8.22.7 Relationship to Pregnancy Disability Leave
The family care and medical leave provided under this Section is in addition to any leave taken on account of disability due to pregnancy, childbirth, or related medical conditions for which an employee may be qualified under state law.
8.22.8 Notice to the County
The employee must provide written notice to the County as far in advance of the leave as possible and as soon as the employee reasonably knows of the need for the leave. If the need for the leave is foreseeable based on an expected birth, placement of a child for adoption or foster care or planned medical treatment, the notice must be provided at least 30 calendar days in advance of the leave, or if not reasonably known 30 calendar days before the leave, then as soon as reasonably practicable.
The written notice must inform the County of the reasons for the leave, the anticipated duration of the leave and the anticipated start of the leave.

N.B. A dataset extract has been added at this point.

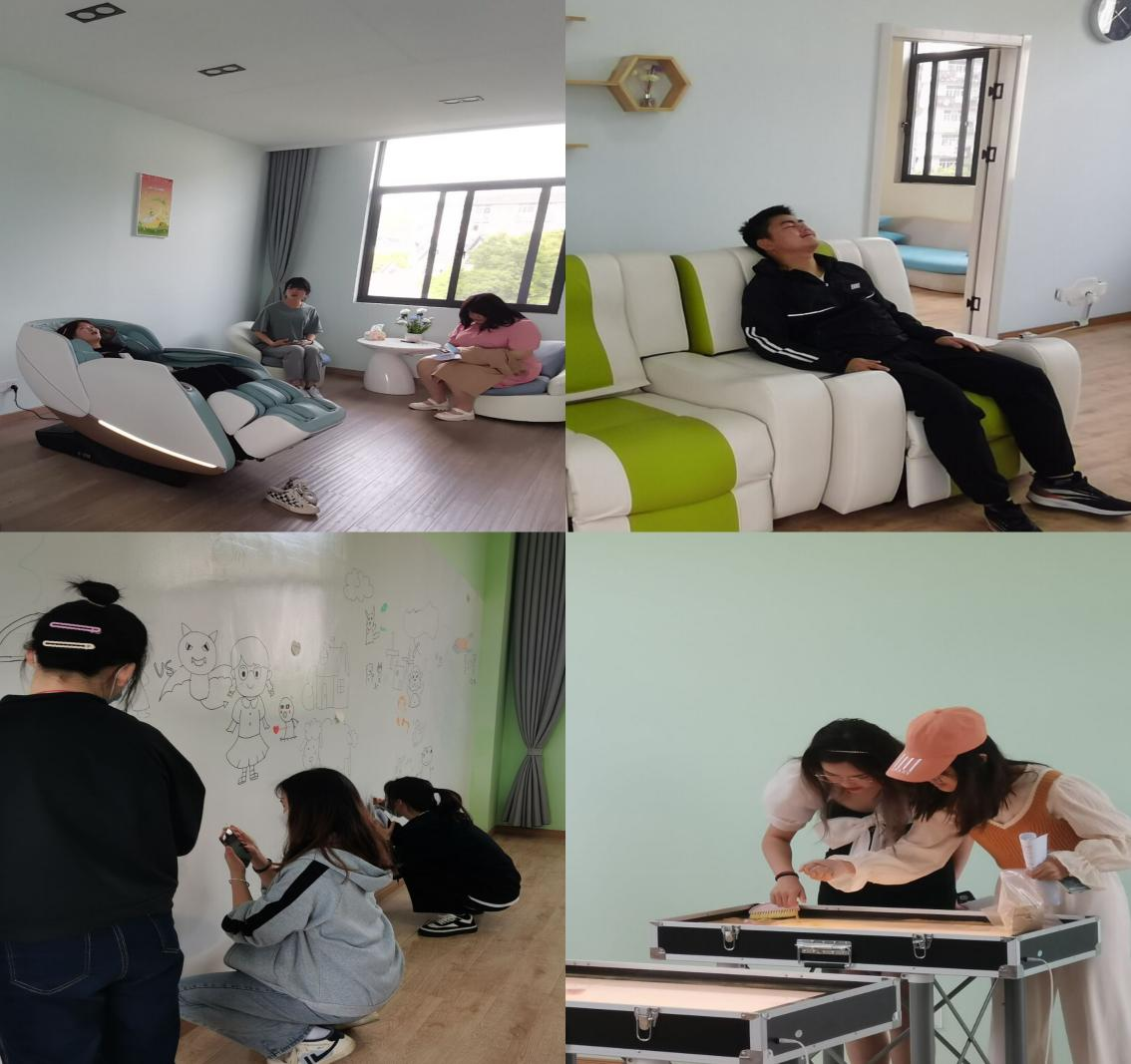 宣誓仪式结束后,心理学干对心理健康教育中心的设备进行了体验,他们在音乐放松室体验放松,在宣泄室感受减压,在艺术疗愈室进行创造,在园艺疗愈室感悟生命,现场气氛热烈。活动在一片欢声笑语中结束。

The employee shall consult with the County and make a reasonable effort to schedule any planned medical treatment or supervision so as to minimize disruption to department operations.
8.22.9 Medical Certification
An employee’s request for family care and medical leave to care for a child, a spouse, or a parent who has a serious health condition shall be supported by a certification issued by the health care provider of the individual requiring care. If additional leave is required after the expiration of the time originally estimated by the health care provider, the employee shall provide the County with recertification by the health care provider.

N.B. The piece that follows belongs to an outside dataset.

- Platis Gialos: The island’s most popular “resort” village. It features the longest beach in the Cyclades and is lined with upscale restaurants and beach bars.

An employee’s request for family care and medical leave because of employee’s own serious health condition shall be supported by a certification issued by the employee’s health care provider.
As a condition of an employee’s return from leave taken because of the employee’s own serious health condition, the employee is required to obtain certification from the employee’s care provider that the employee is able to resume work.
Employees are required to use the medical certification forms available from the County Human Resources Department to meet the certification and recertification requirements of this section.
8.22.10 Employee’s Status on Returning From Leave
Except as provided by law, on return from family care and medical leave, an employee is entitled to be returned to the same or equivalent position the employee held when leave commenced, or to an equivalent position with equivalent benefits, pay, and other terms and conditions of employment. An employee has no right to return to the same position. Use of family care and medical leave will not result in the loss of any employment benefit that accrued prior to the start of an eligible employee’s FMLA/CFRA leave.
8.22.11 FMLA/CFRA Procedures, Definitions and Forms
A description of the required process and procedures to follow for intermittent leave and reduced leave schedules, forms to use when requesting family care and medical leave, and applicable definitions are included in the County Medical Leave Policy and found on the County Human Resources Department website, and are available from the Human Resources Department. The provisions of this Article 8 are subject to Article 18, Grievance Procedure, of this MOU, but the County Medical Leave Policy is not subject to Article 18, Grievance Procedure, of this MOU.
This Section 8.21 shall be interpreted as the legal minimum family care and medical leave available to eligible employees. The County may grant additional leave without pay provided it is consistent with the applicable provisions of the Sonoma County Civil Service Rules, County leave policies, Section 8.20, and other provisions of this memorandum.